JERUSALEM — A new non-invasive method for assessing water efficiency in chickpeas, developed by researchers at the Hebrew University of Jerusalem, offers farmers a powerful way to fine-tune irrigation and make chickpea cultivation more sustainable. May provide tools.

This new research, published in the journal Precision Agriculture, has the potential to transform chickpea management, increasing both crop yield and water efficiency. Chickpeas, also known as chickpeas, are a globally important grain legume and a major protein source around the world, especially in the Middle East, South Asia, and the Mediterranean region.

The proposed method has the potential to transform agriculture by allowing farmers to efficiently optimize irrigation schedules. This has the potential to increase crop yields and improve water use efficiency, contributing to resource conservation and reducing environmental impact.

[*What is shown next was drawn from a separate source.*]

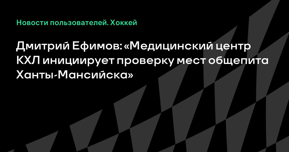 Дмитрий Ефимов: «Медицинский центр КХЛ инициирует проверку мест общепита Ханты-Мансийска»

Additionally, this innovation has far-reaching implications for global food security and demonstrates the impact advanced precision smart farming technologies can have on sustainable farming practices.

The remote sensing aspect of this project was led by researchers at the Hebrew University Robert H. Smith Institute of Plant Science and Agricultural Genetics, including Ittai Herman, Ph.D. Candidate Roy Sadeh. They trained and tested a spectral model for rapid and non-invasive assessment of chickpea water status based on estimates of leaf water potential from space and from the ground. The agronomic aspects of the research were carried out by Professor Shahar Abo of Hebrew University and his Ph.D. student Asaf Avneri under the guidance of Dr. Ran Rati and Dr. David Bonfil of the Israel Agricultural Research Institute.

This study consisted of two on-farm experiments and two commercial fields using ground-based hyperspectral imaging and satellite imagery from the Vegetation and Environmental Monitoring with New Microsatellites (VENmS) program. This study aimed to remotely measure the water potential of chickpea leaves grown in the field under different irrigation treatments. In doing so, it became clear that the influence of leaf area index on the ability to remotely estimate leaf water potential was limited.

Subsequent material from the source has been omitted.